The present invention relates generally to the fluid flow meters and, more particularly, to a local wall heat flux/temperature meter for convective fluid flow and method for utilizing the same.
Since the design requirements, goals, and objectives of plasma-facing components (PFCs) and electronic heat sinks (EHSs) are evolving, the development of an experimental conjugate multi-dimensional, flow boiling database may provide the basis for computational fluid dynamic (CFD) comparisons, flow boiling correlation modifications, and adaptations that include single-side heating effects for detail PFC and EHS flow channel and substrate design studies, which may lead to cost-effective and robust designs. Many papers have been published reporting either new or modified flow boiling correlations. Generally, there appears to be good confidence in predicting water flow boiling for uniformly heated circular channels with or without twisted tapes. However, most all PFCs and EHSs involve single-side heated flow channels and, hence, depend on at least two-dimensional, and in some cases three-dimensional, conjugate data and analysis for new or modified flow boiling or single-phase correlations with two- and possibly three-dimensional influences.
Conjugate heat transfer modeling has proven useful in forming baselines and identifying important parameters affecting peaking factors and data reduction for the spectrum of high heat fluxes found in a wide variety of applications. For various applications requiring different fluids, the results show the following: (1) the coexistence of three flow boiling regimes inside the single-side heated flow channel, (2) the correlational dependence of the inside wall heat flux and temperature (fluid independent), and (3) inaccuracies that could arise in some data reduction procedures (fluid independent). However, for PFC applications in fusion reactors, work to expand conjugate heat transfer analyses from simple circular and complex geometries to PFC geometries is still needed for consistently predicting peaking factors and prototypic conditions.

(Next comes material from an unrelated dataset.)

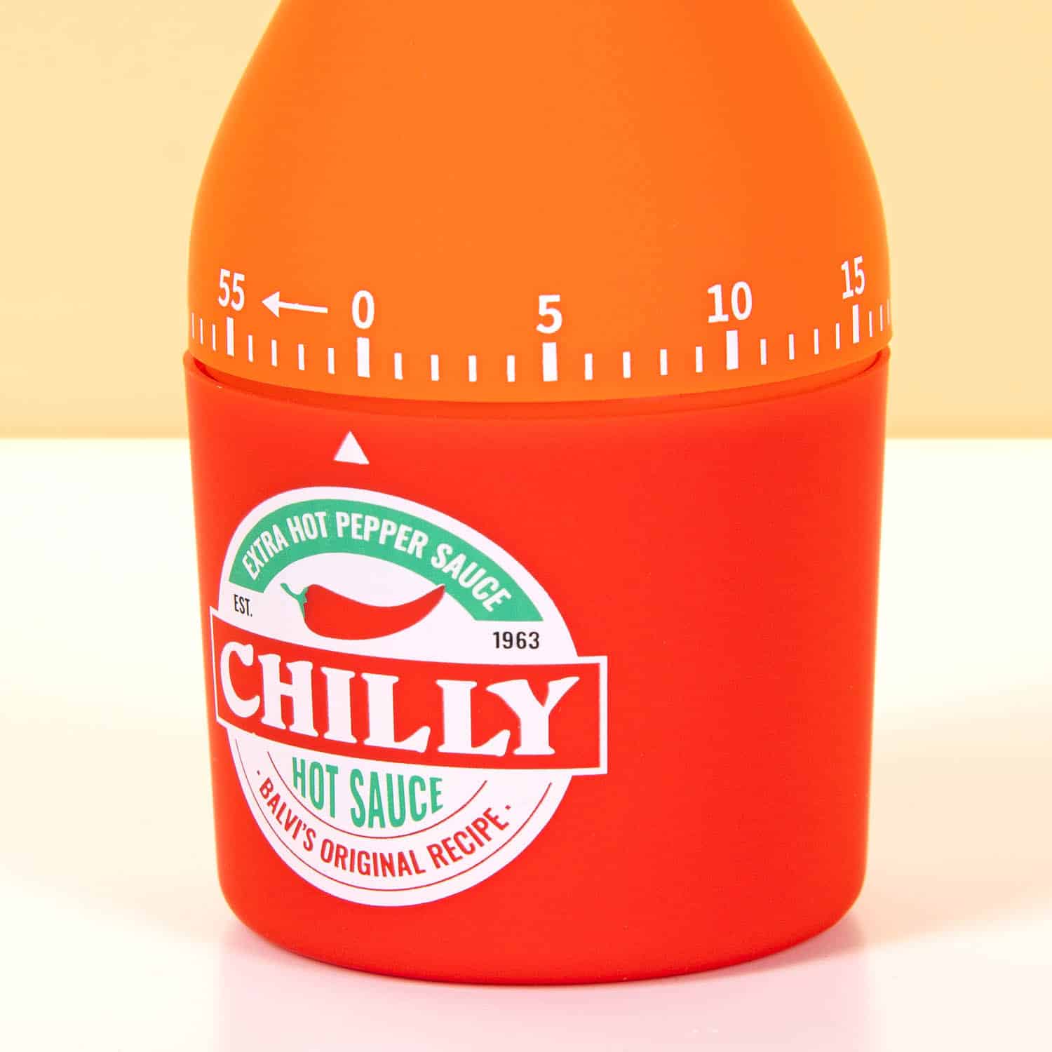 In de keuken heb je soms gewoon een beetje pit nodig. De Chilisaus kookwekker van Balvi helpt je om je gerechten én je timing op smaak te houden. Deze kookwekker ziet eruit als een flesje chilisaus, maar in plaats van pittige saus serveert hij gewoon een duidelijke planning. Stel hem in tot 60 minuten en laat hem aftellen terwijl jij roert, bakt en proeft. Als de timer afgaat, weet je dat je gerecht klaar is. Of in ieder geval dat het tijd is om te checken of alles nog niet te pittig is geworden.

According to one embodiment of the invention, a method includes providing a conduit having a fluid flowing therethrough, disposing a plurality of temperature measurement devices inside a wall of the conduit, positioning at least some of the temperature measurement devices proximate an inside surface of the wall of the conduit, positioning at least some of the temperature measurement devices at different radial positions at the same circumferential location within the wall, measuring a plurality of temperatures of the wall with respective ones of the temperature measurement devices to obtain a three-dimensional temperature topology of the wall, determining the temperature dependent thermal conductivity of the conduit, and determining a multi-dimensional thermal characteristic of the inside surface of the wall of the conduit based on extrapolation of the three-dimensional temperature topology and the temperature dependent thermal conductivity.

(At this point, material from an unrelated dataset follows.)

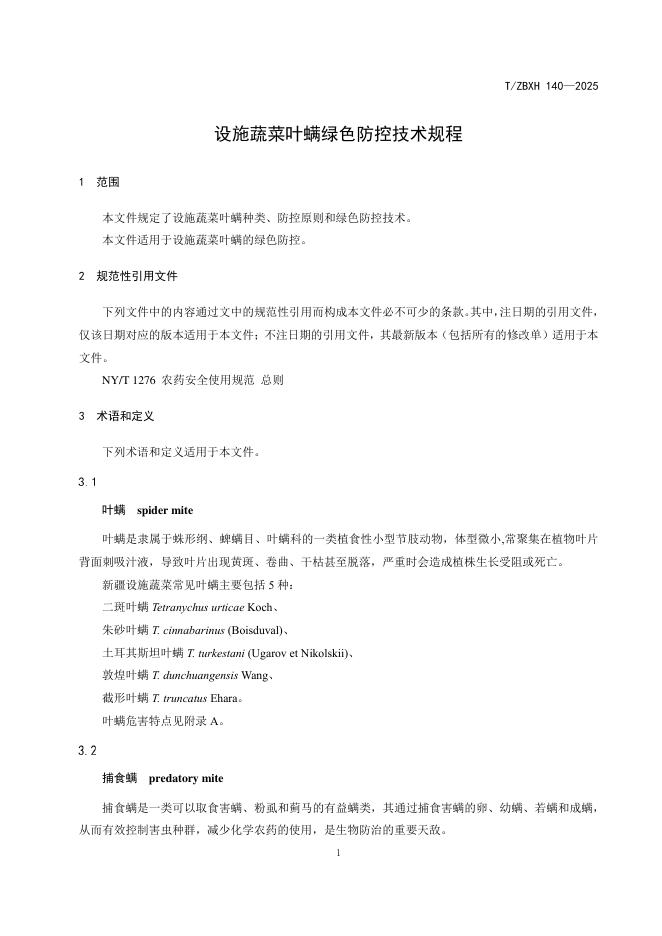 T/ZBXH 140-2025 设施蔬菜叶螨绿色防控技术规程

Embodiments of the invention provide a number of technical advantages. Embodiments of the invention may include all, some, or none of these advantages. In one embodiment, a local wall heat flux/temperature meter allows measurement of 2-D wall-fluid interface thermal phenomena (heat flux, temperature and heat transfer coefficient) never before measured independent of fluid. The meter may assist in developing new and improved designs, may be independent of fluid flowing in channel, may assist in assessing sophisticated software (Computational Fluid Dynamic, CFD) used to numerically predict turbulent and multiphase fluid flows, and may be used in many industries (nuclear reactor and power generation, electronic cooling, medical, aircraft, spacecraft, chemical, petroleum, material processing, HVAC, non-destructive testing, CFD-user Industries, Automobile, safety, etc.), to monitor safety concerns that are directly related to the inside wall heat flux or temperature.
Other technical advantages are readily apparent to one skilled in the art from the following figures, descriptions, and claims.